Transitioning from middle school to high school can be a very rough time. Classes become harder and more stressful the older we get, especially knowing that college is right around the corner and we need to start making decisions about our futures. This includes a question that many of us have when it comes to colleges and universities: what can I do to make it easier to get into my dream school?

This is where Advanced Placement (AP) courses come in. According to PrepScholar, “Advanced Placement is a program run by the College Board that allows you to take courses at your high school, which can earn you college credit and/or qualify you for more advanced classes when you begin college. Taking an AP course and passing the test is a sign that you’re capable of handling college-level work, which will strengthen your college applications immensely.”

Furthermore, to make it easier on those transitioning from middle school to high school, just a couple of years ago the College Board created this new course called “Pre-AP classes,” which are meant to prepare high school students for AP classes. They are generally taken by high school freshmen, however, there are some courses meant for sophomores. These Pre-AP classes are more challenging than the regular-level classes and will most likely provide more homework, as well as more rigorous tests. However, sometimes the course work can get a tad bit too heavy, leaving us with numerous assignments and projects all due on similar dates, which can become extremely stressful in a time where freshmen are adjusting to the heavy workload that high school usually comes with. 

Thus, I decided to ask 30 New Horizons freshmen who are enrolled in Pre-AP classes to see what their opinions on this was. First of all, I asked students why they joined the classes; over 18 said it was because of college applications – this goes to show that most don’t join the class for the sake of learning, but more for what it means to be in the class; 7 said they joined because of the challenge it presents and the remaining 5 said they wanted quality classes. Then, I asked if they found the Pre-AP classes they’re in challenging; 20 of the students said yes, while 10 said no. I later asked whether it was the coursework or teacher that caused the challenge – 8 students said it was the coursework, 3 said it was the teacher, and 16 said it was both. 

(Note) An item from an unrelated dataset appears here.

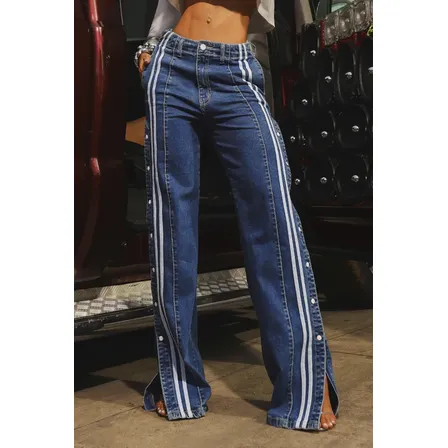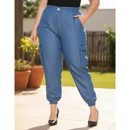Calça Jeans Wide Bolsos Laterais Feminina Cargo Com Listras Azul-marinho Liso 38

Furthermore, to see how they currently feel about the classes that they’re enrolled in, I asked students whether if given the option, they would drop out of any of the Pre-AP classes they’re in, 11 said yes and 19 said no, and looking at the individual responses, at least 3 people who were first up to the challenge, now want to drop out. Those who said yes explained that they were regularly stressed and the teachers weren’t much help either. 

Finally, a solution I proposed was a midpoint class – a class that doesn’t come with an extreme challenge like Pre-AP, but also isn’t a class which only teaches you the very basic material. 21 students agreed that there should be a midpoint class, while 9 students disagreed. Those who said yes explained that the regular classes were way too easy, while the Pre-APs were way too hard, thus creating a huge gap between the two classes. They reasoned that they have the capacity to be in a class that is more challenging than the regular class, but don’t want to get “killed,” as one of the students said, in Pre-AP. 

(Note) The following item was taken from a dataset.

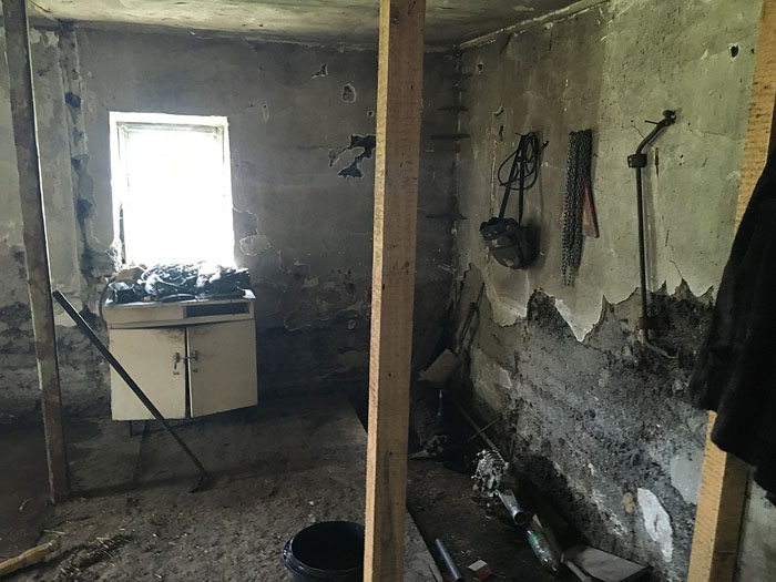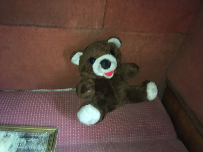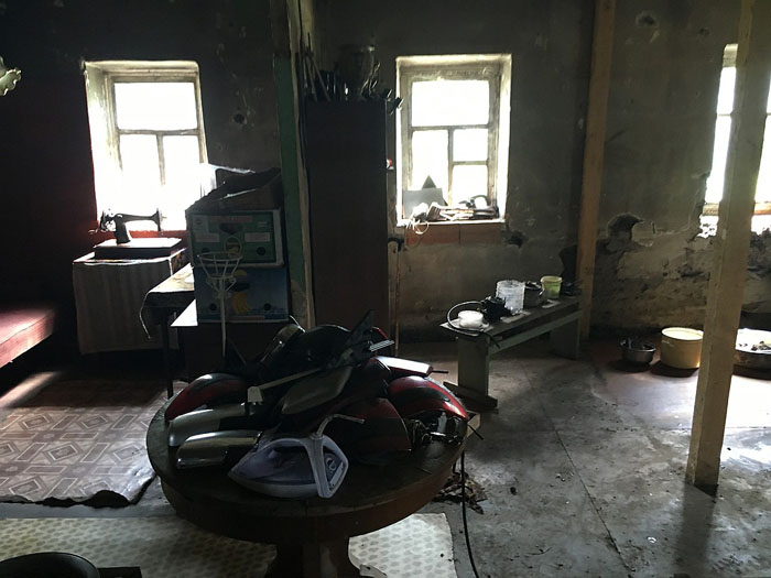 Со всего размаху барабаним кулаками по воротам. Тишина. Обходим участок вокруг. Красота! Забор был только с одной стороны. С обратной — незащищенный дом. И дверь — нараспашку. Юркаем внутрь. А там — прям пыточная камера. 10 видов утюгов, топор, кочерга, лом, цепь на гвозде и (неожиданно) плюшевый мишка на диване. Так увлекаемся разглядыванием этого набора бывалого садиста, что не сразу обращаем внимание на шорохи в углу.

Although Pre-AP classes are fully an optional class, us students still find it appealing because of what it might bring to our futures, specifically to our college applications. Despite the fact that Pre-AP classes don’t offer any college credits, us students have to be fully aware that College Board created these Pre-AP and AP courses to help facilitate the transition from high school to college, and they’re not going to be easy.